Copy out exactly the lines spanning the line with "This 2-in-1 laptop" to the line with "A close-up shot", inclusive, from the data underneath, with no pictures.

Materials provided:
++++++++++

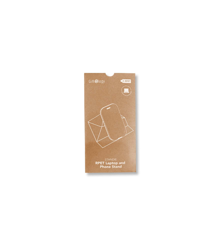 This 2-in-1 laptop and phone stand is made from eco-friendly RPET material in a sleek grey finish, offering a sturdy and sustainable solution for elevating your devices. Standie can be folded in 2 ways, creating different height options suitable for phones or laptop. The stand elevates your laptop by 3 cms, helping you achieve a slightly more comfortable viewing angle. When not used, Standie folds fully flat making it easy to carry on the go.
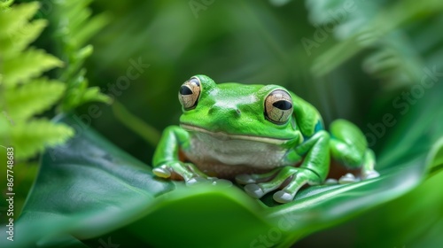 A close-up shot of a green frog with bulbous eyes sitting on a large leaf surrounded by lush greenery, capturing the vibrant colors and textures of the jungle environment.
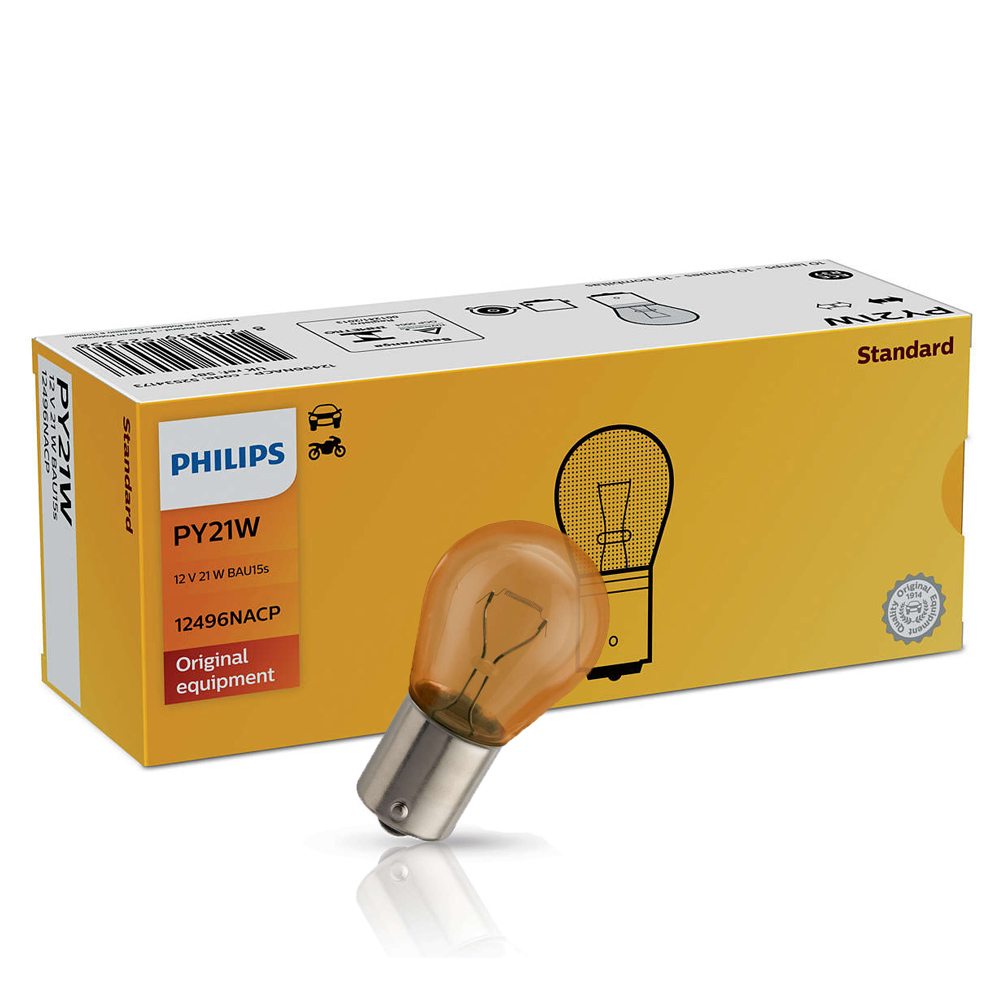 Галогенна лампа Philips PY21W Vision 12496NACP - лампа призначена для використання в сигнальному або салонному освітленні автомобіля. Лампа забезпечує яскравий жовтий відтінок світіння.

++++++++++

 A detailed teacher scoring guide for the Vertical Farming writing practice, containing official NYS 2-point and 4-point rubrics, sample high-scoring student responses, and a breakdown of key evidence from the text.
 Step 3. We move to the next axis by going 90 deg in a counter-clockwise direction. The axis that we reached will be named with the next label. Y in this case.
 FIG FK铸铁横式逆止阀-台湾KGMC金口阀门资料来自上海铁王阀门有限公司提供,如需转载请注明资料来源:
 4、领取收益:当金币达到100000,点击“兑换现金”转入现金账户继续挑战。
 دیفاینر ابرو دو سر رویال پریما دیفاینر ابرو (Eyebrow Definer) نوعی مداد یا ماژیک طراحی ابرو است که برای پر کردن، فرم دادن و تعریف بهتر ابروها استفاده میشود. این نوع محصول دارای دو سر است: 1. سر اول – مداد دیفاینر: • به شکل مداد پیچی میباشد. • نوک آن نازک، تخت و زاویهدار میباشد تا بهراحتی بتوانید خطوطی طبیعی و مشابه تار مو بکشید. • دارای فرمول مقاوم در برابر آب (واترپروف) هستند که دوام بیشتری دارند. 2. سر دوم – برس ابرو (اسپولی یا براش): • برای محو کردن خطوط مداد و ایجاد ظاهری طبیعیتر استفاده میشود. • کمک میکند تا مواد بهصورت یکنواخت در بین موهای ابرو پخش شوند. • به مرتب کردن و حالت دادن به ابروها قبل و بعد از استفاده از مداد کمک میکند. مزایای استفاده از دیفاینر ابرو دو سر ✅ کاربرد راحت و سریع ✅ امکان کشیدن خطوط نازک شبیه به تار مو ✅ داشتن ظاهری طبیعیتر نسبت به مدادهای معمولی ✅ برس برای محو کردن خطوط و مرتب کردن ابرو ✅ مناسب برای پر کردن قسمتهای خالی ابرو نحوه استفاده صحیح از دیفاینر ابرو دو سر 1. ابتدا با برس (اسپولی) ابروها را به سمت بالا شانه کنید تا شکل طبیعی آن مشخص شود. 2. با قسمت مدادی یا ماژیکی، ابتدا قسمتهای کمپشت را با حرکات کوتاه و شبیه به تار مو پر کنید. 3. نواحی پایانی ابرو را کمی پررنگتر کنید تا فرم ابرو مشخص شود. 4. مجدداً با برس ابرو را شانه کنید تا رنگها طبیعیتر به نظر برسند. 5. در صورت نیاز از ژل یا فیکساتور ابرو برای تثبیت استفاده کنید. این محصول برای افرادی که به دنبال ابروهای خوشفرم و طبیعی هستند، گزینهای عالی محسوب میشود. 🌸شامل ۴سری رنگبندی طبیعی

++++++++++

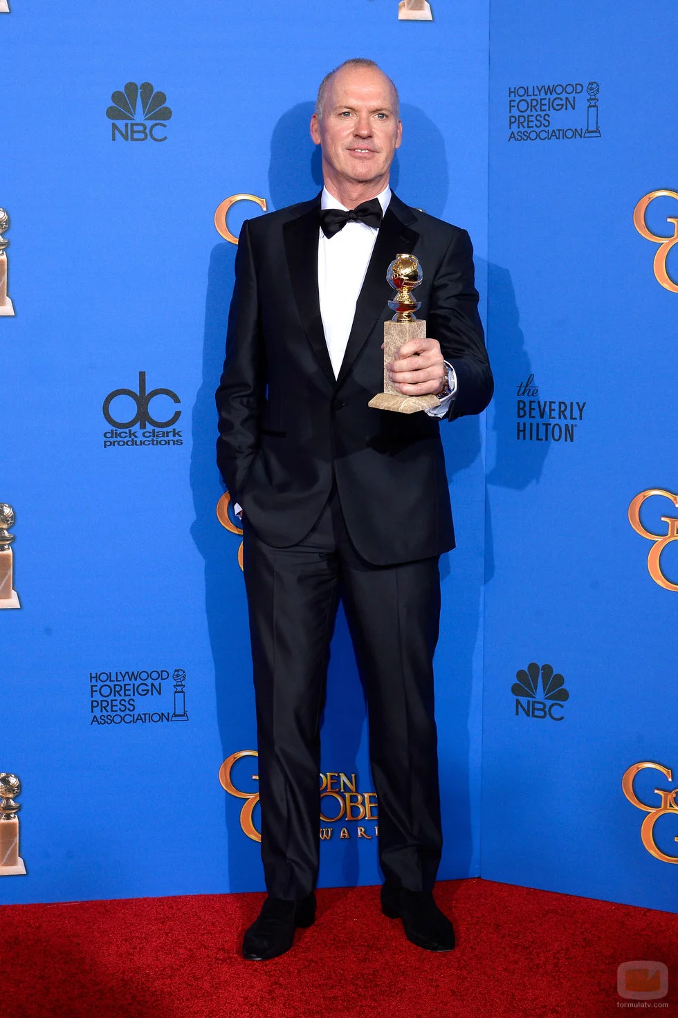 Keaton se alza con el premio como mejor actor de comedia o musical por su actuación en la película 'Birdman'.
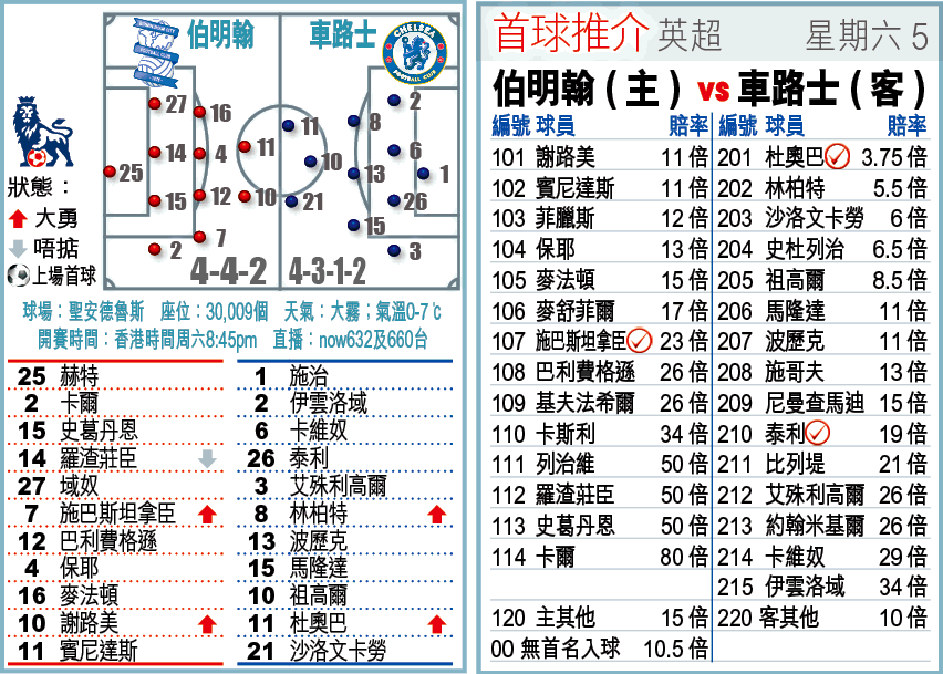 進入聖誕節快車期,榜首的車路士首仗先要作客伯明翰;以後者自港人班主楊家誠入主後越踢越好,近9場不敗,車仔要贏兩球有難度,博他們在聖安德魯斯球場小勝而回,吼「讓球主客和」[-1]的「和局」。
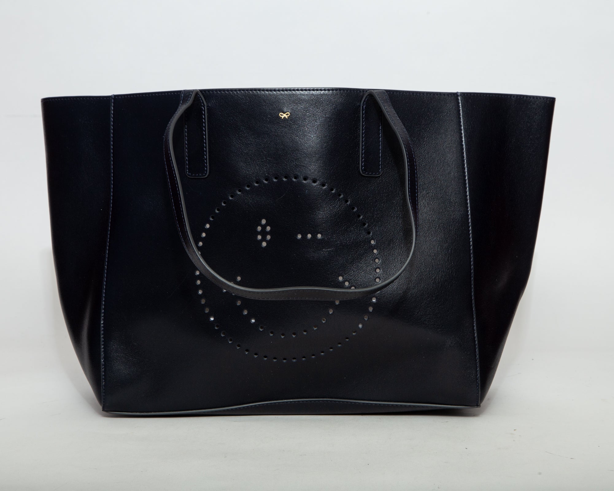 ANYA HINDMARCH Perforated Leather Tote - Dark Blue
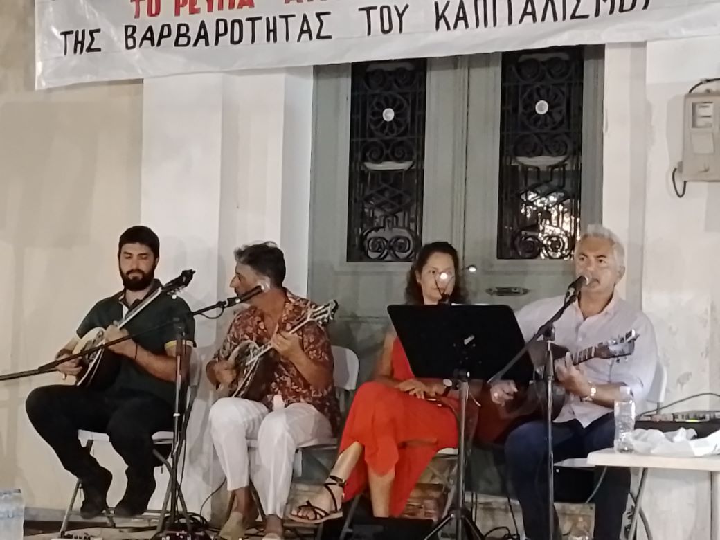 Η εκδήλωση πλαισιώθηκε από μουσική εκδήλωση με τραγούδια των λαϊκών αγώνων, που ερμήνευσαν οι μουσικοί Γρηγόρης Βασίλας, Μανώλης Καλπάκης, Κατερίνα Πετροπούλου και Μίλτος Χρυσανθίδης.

++++++++++

The completed task:
 This 2-in-1 laptop and phone stand is made from eco-friendly RPET material in a sleek grey finish, offering a sturdy and sustainable solution for elevating your devices. Standie can be folded in 2 ways, creating different height options suitable for phones or laptop. The stand elevates your laptop by 3 cms, helping you achieve a slightly more comfortable viewing angle. When not used, Standie folds fully flat making it easy to carry on the go.
 A close-up shot of a green frog with bulbous eyes sitting on a large leaf surrounded by lush greenery, capturing the vibrant colors and textures of the jungle environment.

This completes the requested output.